@hydn Great article as always! I enjoy reading what you put together as it is always organized well.
@tmick I do not have much experience with “Linux Jails”, so I wont be able to speak to that, but I use Docker Containers and Docker Compose daily. 90% of the services I run at home are through containers. I have a few VMs still up and running as well.
I personally chose to explore containers more due to an incident I ran into many years ago with my hosted email setup. I use a combination of postfix, dovecot, and opendkim. At the time, I was running them “on bare metal” next to an Icinga2 instance, a Grafana instance, and several other apps.
I was installing updates with apt (sudo apt update && sudo apt upgrade -y), and at the end of the install, postfix was toast. My /etc/postfix directory was mostly empty, and I couldn’t get my email server back up and running (thankfully the actual emails were fine).
I was relatively new to Linux at this time too, so I’m sure plenty of mistakes were made by me that got me into this situation. Maybe I had conflicts in dependencies? Maybe I answered questions from apt wrong? Maybe postfix did an update and I misinterpreted what was happening? Regardless, I decided right then and there, that I didn’t want that situation to happen again.
So why do I use Docker and containers over jails/VMs? Because I wanted to create an environment where one package’s dependencies wouldn’t impact another’s. And I wanted to create a way to quickly “get back” to where I was before a change.
Containers are great for both of those use cases. They are meant to be ephemeral. You can stand them up and blow them away and they should still function the next time you spin it back up. Your config and data lives outside of the container, so you have little risk. I can also easily “transfer” my hosted services to another machine because I can just rsync the configs + data volume to another machine, and spin up a container, and know it will function exactly the same.
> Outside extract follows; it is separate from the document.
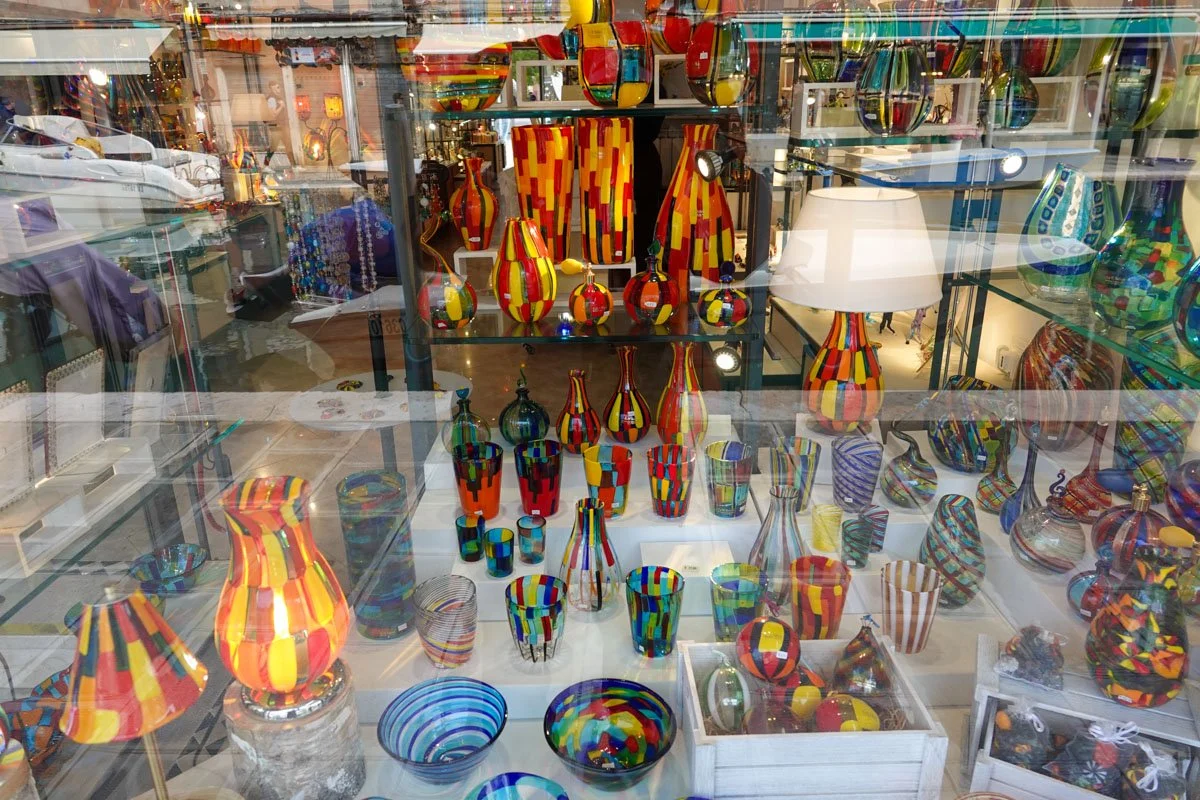 Venice has long been known for glassmakers. In 1291, Venice made all the glassmakers in Venice move to Murano. I don't know why, but they did. Murano is a glassmaker's paradise. They initially made glass beads and mirrors. Aventurine glass was invented in Murano. For a while, Murano was the main glass producer in Europe. Later, the island became known for chandeliers.

Can you do this in a VM? Absolutely! To me, a VM feels too heavy for my use case though. Why spin up an entire operating system and services that requires dedicated high resource allocation by the host when I can get the same with less effort and less resource allocation in a container? Containers are definitely not the end-all-be-all answer, and I’ve definitely seem them used as a hammer when the right tool should’ve been a screwdriver.
I’m guessing you have the experience and knowledge to do something similar with a jail? And I would imagine, based on my limited understanding of jails or chroot, that you could make that function in a very similar way. But for me, containers were the best choice for my use cases. Hopefully my perspective can help answer some of the “why” part of your question!
I haven’t used either one so I’m no help there.